NEWS

Kim Jong Un's half-brother apparently assassinated in Malaysian airport

Thomas Maresca
Special for USA TODAY
A Seoul television station reports on Feb. 14, 2017 about the possible assassination of Kim Jong Nam, half-brother of North Korean leader Kim Jong Un.

JAKARTA, Indonesia — The chief of South Korea’s spy agency confirmed on Wednesday that Kim Jong Nam, 46, the half-brother of North Korean leader Kim Jong Un, was murdered in Malaysia on Monday.

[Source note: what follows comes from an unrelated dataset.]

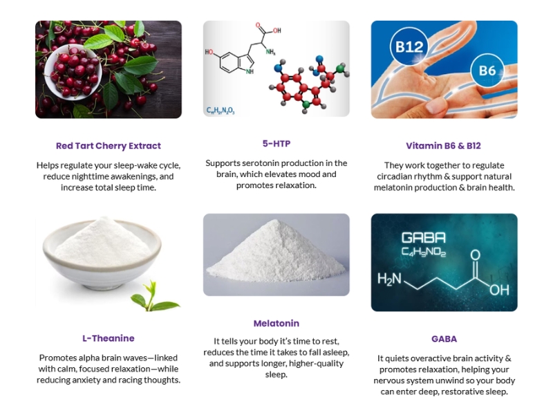 Tart cherry extract is a rich source of natural compounds that have been linked to supporting healthy melatonin rhythms without introducing synthetic melatonin into the body.This makes it ideal for users who are melatonin-sensitive or seeking melatonin-free sleep support.

National Intelligence Service (NIS) Director Lee Byung Ho confirmed that Kim was killed with poison at Kuala Lumpur International Airport, according to a report from Korea’s Yonhap News Agency. The agency was still uncertain whether a needle or a chemical spray was used.

In a meeting with Korea’s National Assembly, the spy chief also told Korean lawmakers that Pyongyang has been trying to assassinate Kim Jong Nam, who has been under Chinese protection, for the past five years.

Malaysian police official Fadzil Ahmat told Bernama, a Malaysian news site, that Kim Jong Nam was at the airport to catch a flight to Macau, China, when he was attacked.

"While waiting for the flight, a woman came from behind and covered his face with a cloth laced with a liquid," Fadzil said. "Following this, the man was seen struggling for help and managed to obtain the assistance of (an airport) receptionist as his eyes suffered burns as a result of the liquid. Moments later, he was sent to the Putrajaya Hospital, where he was confirmed dead.”

Kim Jong Nam, who was 46 according to a police report, was the eldest son of North Korean leader Kim Jong Il, and was at one time considered the heir apparent to rule the isolated country, which has been governed by three generations of the Kim family.

In 2001, he was arrested at Tokyo’s Narita Airport after trying to enter Japan on a forged passport from the Dominican Republic. He told police he wanted to visit Tokyo Disneyland.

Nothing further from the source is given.